== Segment start ==
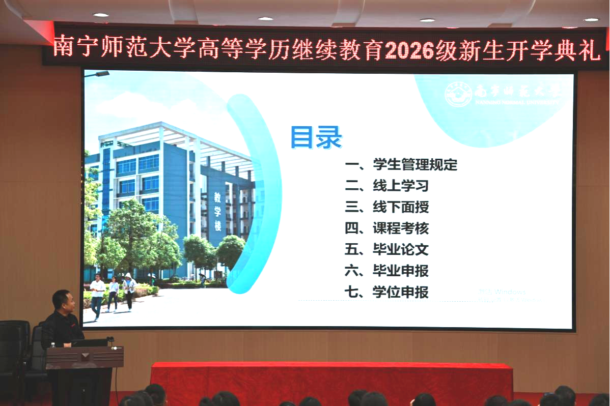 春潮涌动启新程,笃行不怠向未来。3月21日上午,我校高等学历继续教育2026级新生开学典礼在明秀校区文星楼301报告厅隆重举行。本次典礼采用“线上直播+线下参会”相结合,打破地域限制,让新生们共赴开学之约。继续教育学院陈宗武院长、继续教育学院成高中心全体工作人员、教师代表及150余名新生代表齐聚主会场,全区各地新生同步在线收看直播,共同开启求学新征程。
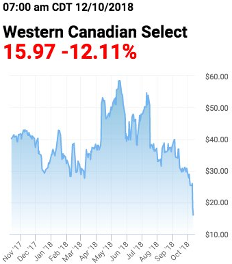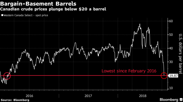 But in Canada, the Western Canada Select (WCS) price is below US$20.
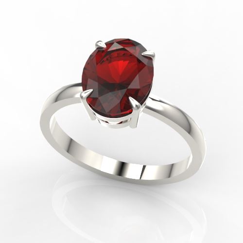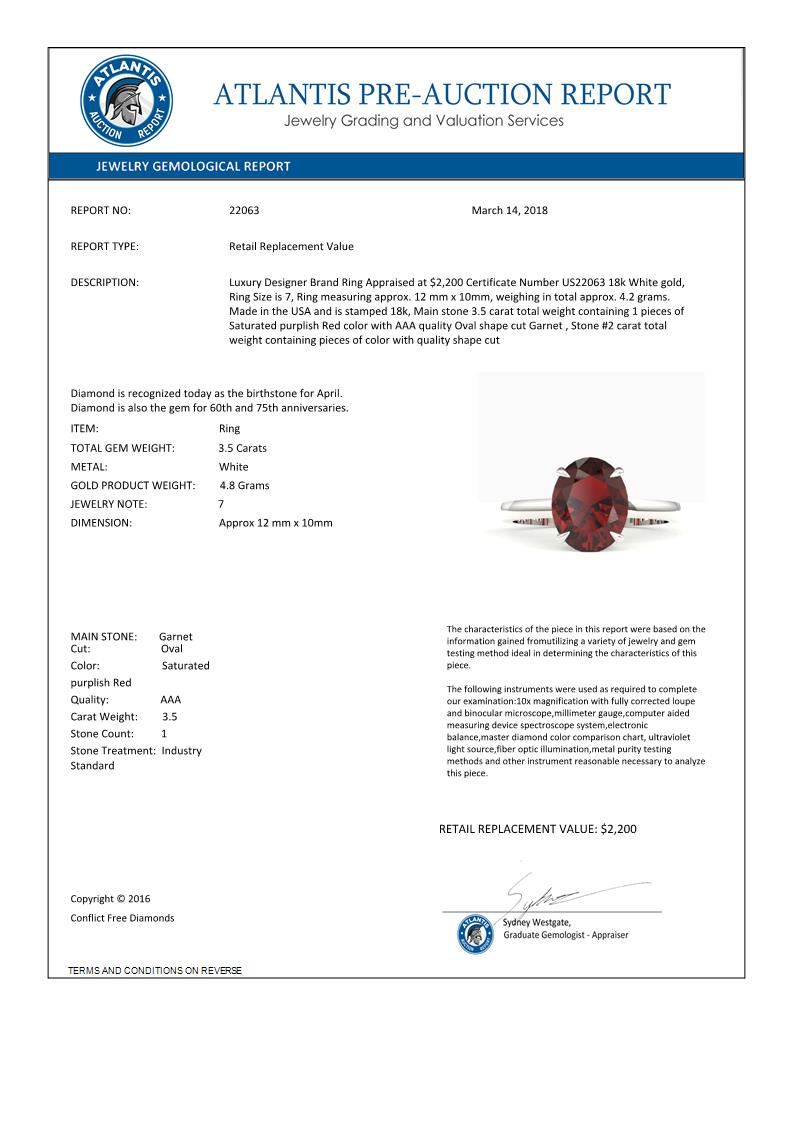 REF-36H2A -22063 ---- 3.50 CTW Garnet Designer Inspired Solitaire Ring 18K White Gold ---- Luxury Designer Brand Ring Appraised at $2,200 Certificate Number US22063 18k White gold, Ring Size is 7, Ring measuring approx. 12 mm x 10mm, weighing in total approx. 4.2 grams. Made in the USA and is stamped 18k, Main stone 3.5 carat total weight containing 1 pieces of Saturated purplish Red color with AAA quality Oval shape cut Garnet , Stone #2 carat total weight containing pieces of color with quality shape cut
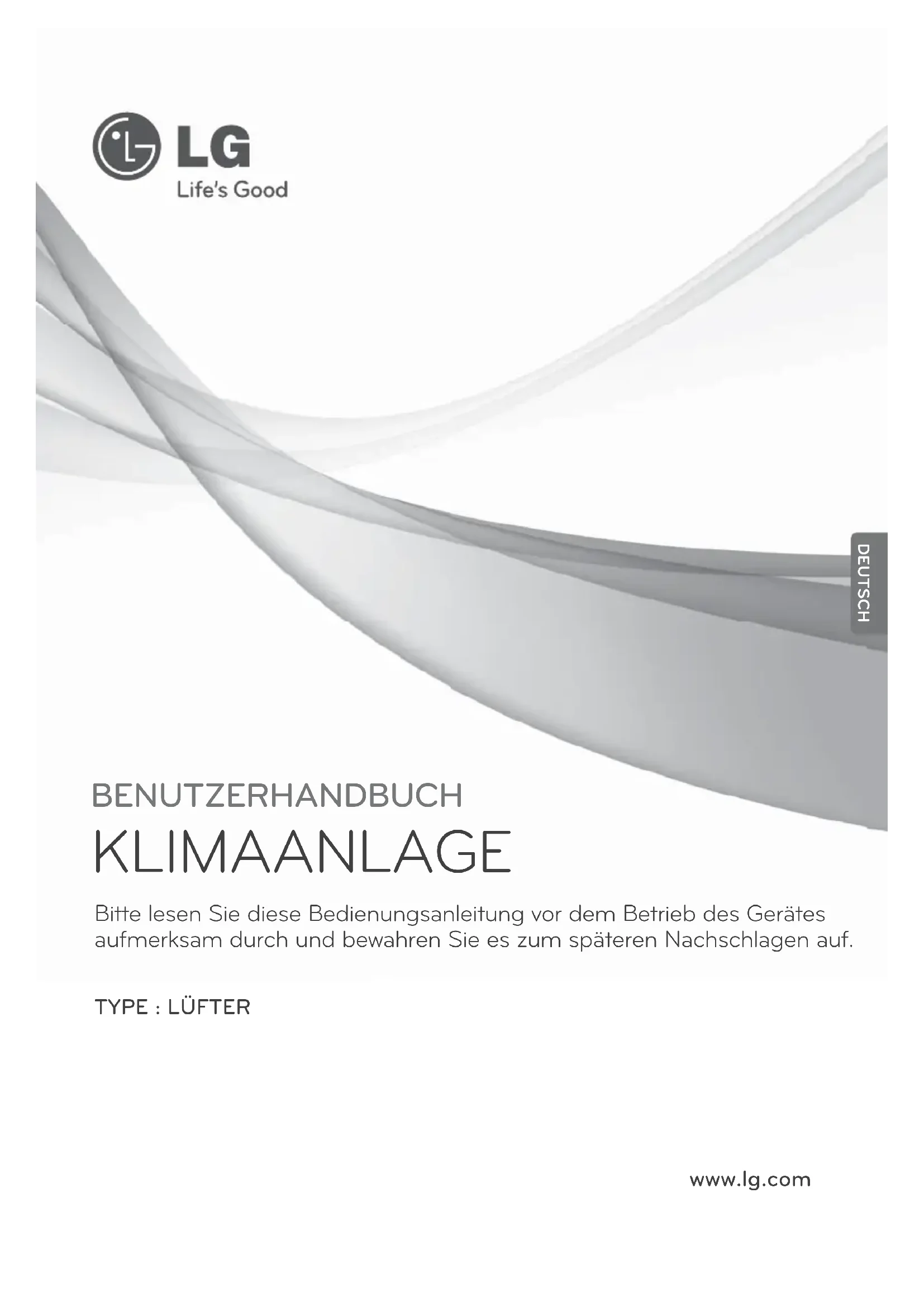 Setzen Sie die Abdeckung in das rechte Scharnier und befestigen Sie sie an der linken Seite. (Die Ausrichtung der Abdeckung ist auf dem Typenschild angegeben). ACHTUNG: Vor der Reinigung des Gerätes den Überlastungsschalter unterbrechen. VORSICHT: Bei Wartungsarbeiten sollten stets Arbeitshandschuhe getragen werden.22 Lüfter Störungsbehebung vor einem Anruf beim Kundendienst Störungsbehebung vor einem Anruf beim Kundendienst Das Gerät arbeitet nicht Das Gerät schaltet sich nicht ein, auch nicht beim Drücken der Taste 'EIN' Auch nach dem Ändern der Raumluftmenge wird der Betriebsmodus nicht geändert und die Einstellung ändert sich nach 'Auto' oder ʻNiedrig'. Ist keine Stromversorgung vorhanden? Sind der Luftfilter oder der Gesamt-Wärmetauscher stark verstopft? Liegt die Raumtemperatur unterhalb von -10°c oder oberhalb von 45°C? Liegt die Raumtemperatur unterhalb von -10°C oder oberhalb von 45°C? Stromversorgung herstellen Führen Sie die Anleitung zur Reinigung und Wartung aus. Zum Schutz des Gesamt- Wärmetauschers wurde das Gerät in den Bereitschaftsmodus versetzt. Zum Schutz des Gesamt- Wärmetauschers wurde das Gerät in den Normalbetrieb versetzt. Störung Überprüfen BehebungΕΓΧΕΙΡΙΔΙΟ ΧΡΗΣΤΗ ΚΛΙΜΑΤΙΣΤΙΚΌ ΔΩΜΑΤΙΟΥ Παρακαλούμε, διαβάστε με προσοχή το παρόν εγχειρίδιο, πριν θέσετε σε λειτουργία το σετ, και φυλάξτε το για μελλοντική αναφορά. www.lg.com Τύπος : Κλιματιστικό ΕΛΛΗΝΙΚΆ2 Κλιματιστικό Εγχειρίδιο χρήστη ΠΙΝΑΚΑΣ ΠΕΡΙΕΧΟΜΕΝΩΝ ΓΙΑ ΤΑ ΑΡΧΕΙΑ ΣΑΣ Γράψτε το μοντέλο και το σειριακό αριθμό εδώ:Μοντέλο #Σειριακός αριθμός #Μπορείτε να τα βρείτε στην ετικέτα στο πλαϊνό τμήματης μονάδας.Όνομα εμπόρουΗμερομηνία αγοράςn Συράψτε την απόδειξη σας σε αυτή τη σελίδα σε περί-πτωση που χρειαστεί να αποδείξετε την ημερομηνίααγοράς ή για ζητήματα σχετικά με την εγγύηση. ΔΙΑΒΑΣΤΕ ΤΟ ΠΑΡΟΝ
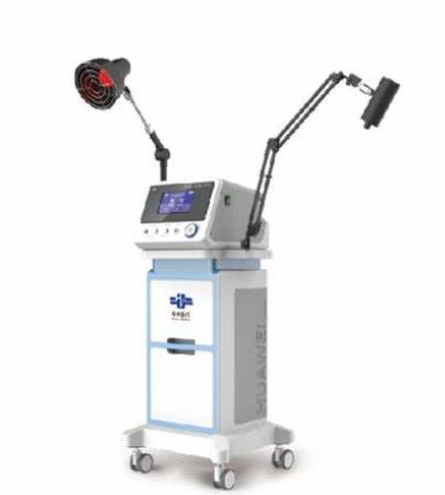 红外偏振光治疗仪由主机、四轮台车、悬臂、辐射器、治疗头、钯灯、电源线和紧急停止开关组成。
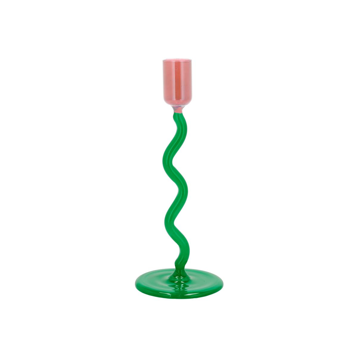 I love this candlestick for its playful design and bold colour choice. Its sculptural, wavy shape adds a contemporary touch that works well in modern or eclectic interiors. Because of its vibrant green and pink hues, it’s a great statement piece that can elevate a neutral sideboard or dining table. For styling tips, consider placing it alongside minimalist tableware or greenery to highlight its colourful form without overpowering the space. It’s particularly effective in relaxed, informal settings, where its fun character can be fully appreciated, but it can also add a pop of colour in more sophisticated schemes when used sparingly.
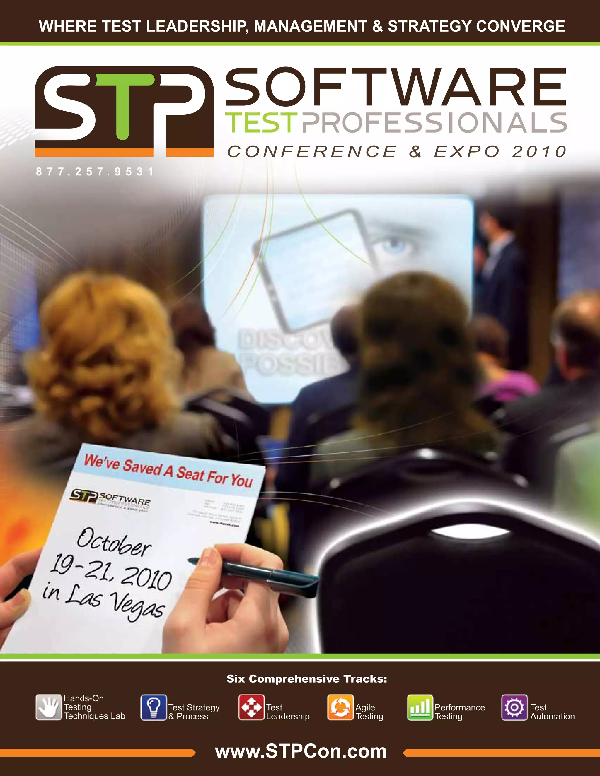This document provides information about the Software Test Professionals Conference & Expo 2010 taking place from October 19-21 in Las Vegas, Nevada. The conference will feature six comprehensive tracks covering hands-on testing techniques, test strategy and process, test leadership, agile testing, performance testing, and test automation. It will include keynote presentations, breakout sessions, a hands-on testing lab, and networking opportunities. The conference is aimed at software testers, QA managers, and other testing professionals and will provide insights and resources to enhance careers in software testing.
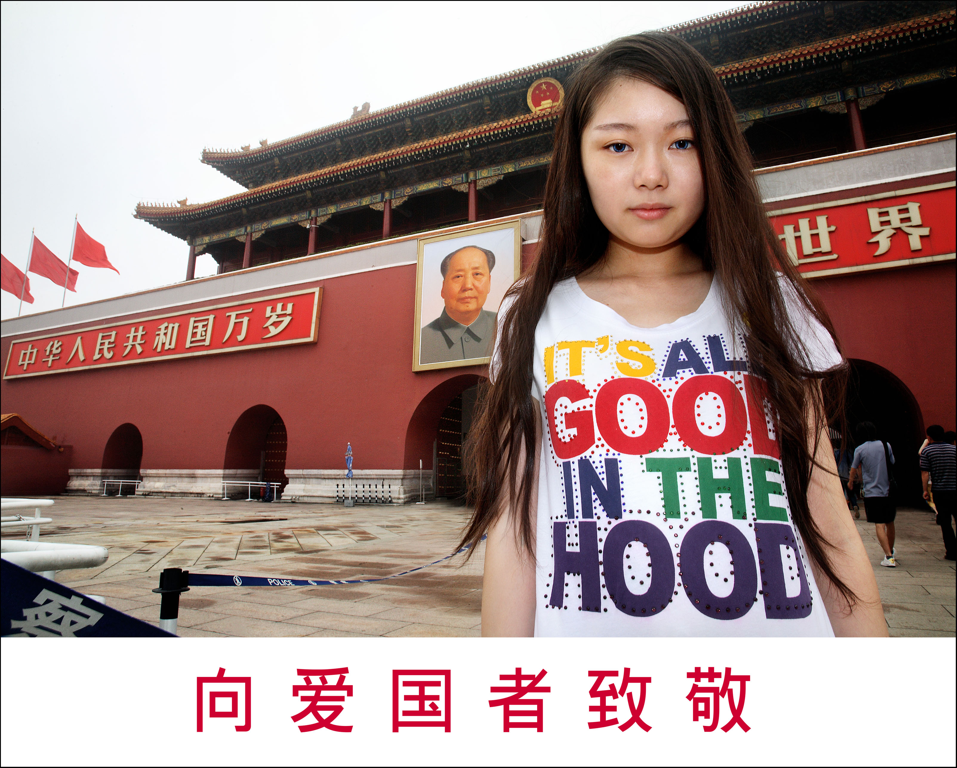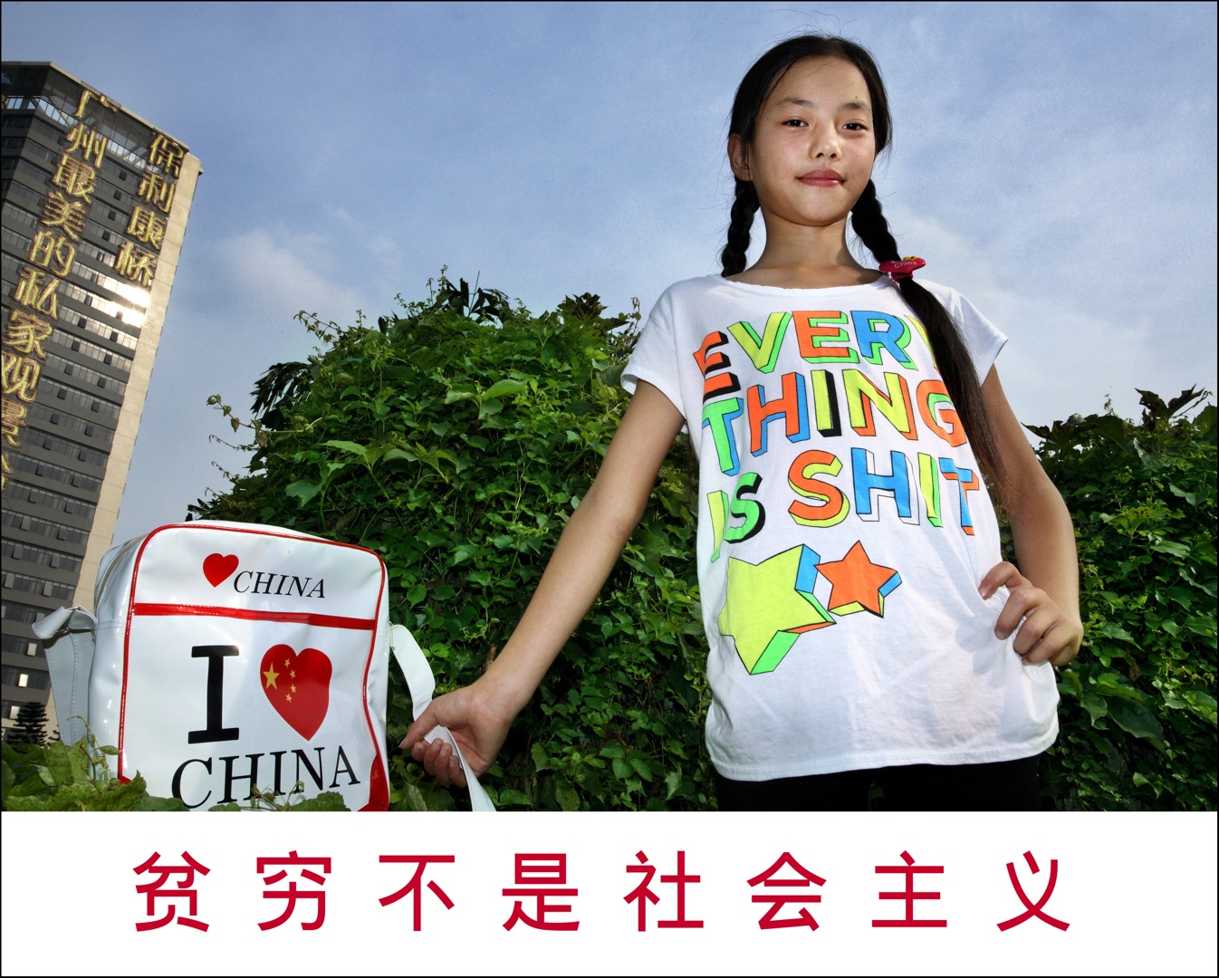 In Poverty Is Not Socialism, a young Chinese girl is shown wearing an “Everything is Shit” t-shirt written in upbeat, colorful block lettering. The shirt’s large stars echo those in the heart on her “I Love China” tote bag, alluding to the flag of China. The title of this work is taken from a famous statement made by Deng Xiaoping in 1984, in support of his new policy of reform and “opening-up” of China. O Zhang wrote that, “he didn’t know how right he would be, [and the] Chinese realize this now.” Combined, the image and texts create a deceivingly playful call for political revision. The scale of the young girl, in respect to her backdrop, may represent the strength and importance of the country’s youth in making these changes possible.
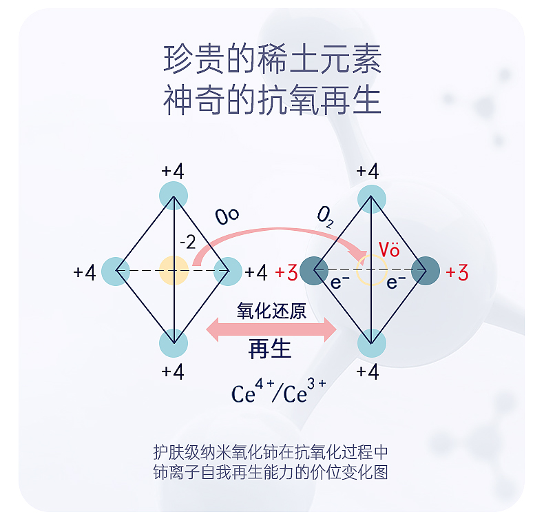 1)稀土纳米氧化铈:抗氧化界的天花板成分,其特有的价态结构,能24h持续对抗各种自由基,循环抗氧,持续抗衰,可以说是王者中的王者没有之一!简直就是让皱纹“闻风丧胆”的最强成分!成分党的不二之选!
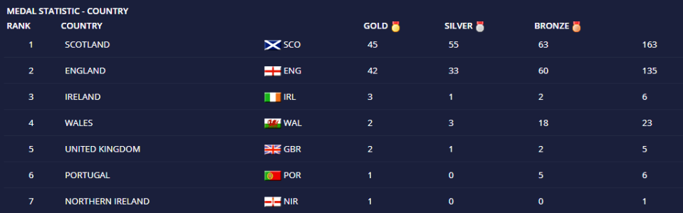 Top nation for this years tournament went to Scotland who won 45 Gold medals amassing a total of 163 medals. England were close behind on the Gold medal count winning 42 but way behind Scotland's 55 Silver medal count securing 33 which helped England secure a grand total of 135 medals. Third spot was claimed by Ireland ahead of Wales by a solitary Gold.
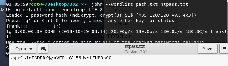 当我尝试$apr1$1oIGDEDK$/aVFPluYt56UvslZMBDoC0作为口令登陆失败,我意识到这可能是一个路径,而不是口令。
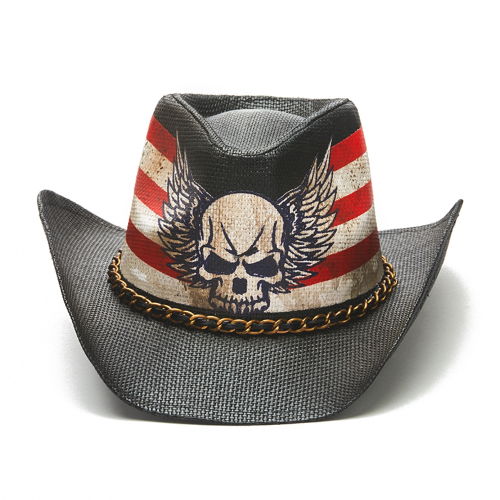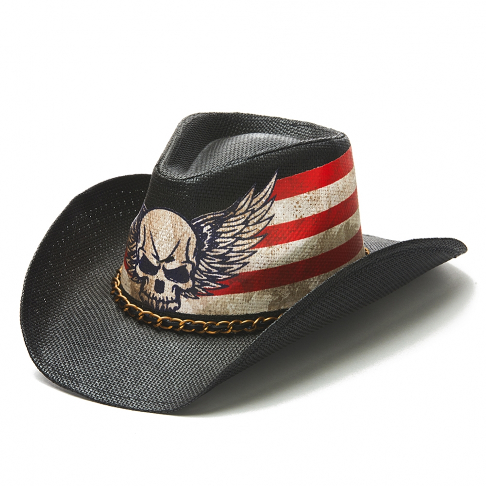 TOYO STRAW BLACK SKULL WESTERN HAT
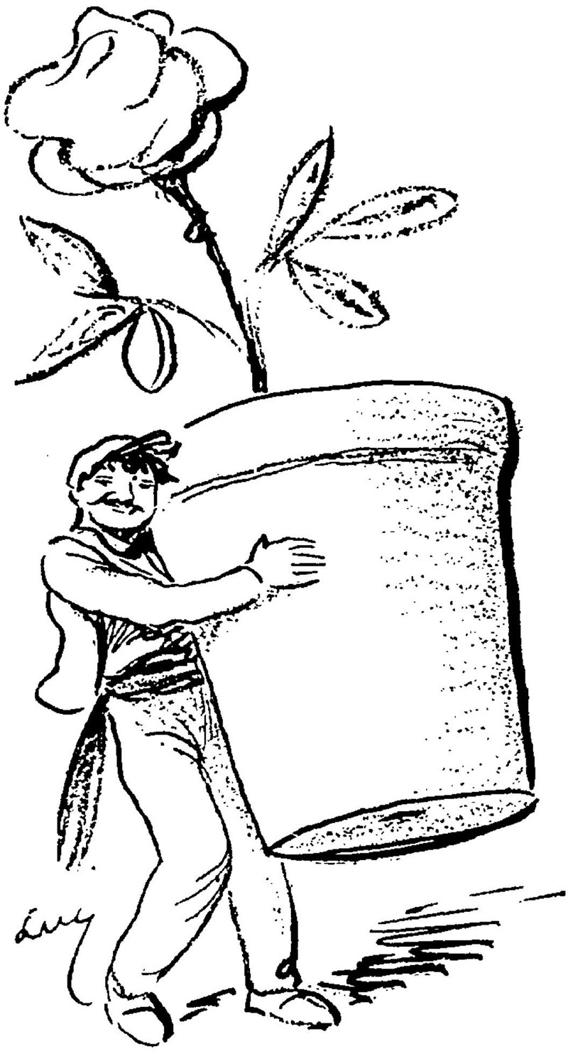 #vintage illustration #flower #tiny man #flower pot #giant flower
== Segment end ==
Activity → Your answer must be the exact lines of the records from the first one through the line containing "REF-36H2A -22063 ---- 3.50", with no pictures in it.

Response for this exercise →
 春潮涌动启新程,笃行不怠向未来。3月21日上午,我校高等学历继续教育2026级新生开学典礼在明秀校区文星楼301报告厅隆重举行。本次典礼采用“线上直播+线下参会”相结合,打破地域限制,让新生们共赴开学之约。继续教育学院陈宗武院长、继续教育学院成高中心全体工作人员、教师代表及150余名新生代表齐聚主会场,全区各地新生同步在线收看直播,共同开启求学新征程。
 But in Canada, the Western Canada Select (WCS) price is below US$20.
 REF-36H2A -22063 ---- 3.50 CTW Garnet Designer Inspired Solitaire Ring 18K White Gold ---- Luxury Designer Brand Ring Appraised at $2,200 Certificate Number US22063 18k White gold, Ring Size is 7, Ring measuring approx. 12 mm x 10mm, weighing in total approx. 4.2 grams. Made in the USA and is stamped 18k, Main stone 3.5 carat total weight containing 1 pieces of Saturated purplish Red color with AAA quality Oval shape cut Garnet , Stone #2 carat total weight containing pieces of color with quality shape cut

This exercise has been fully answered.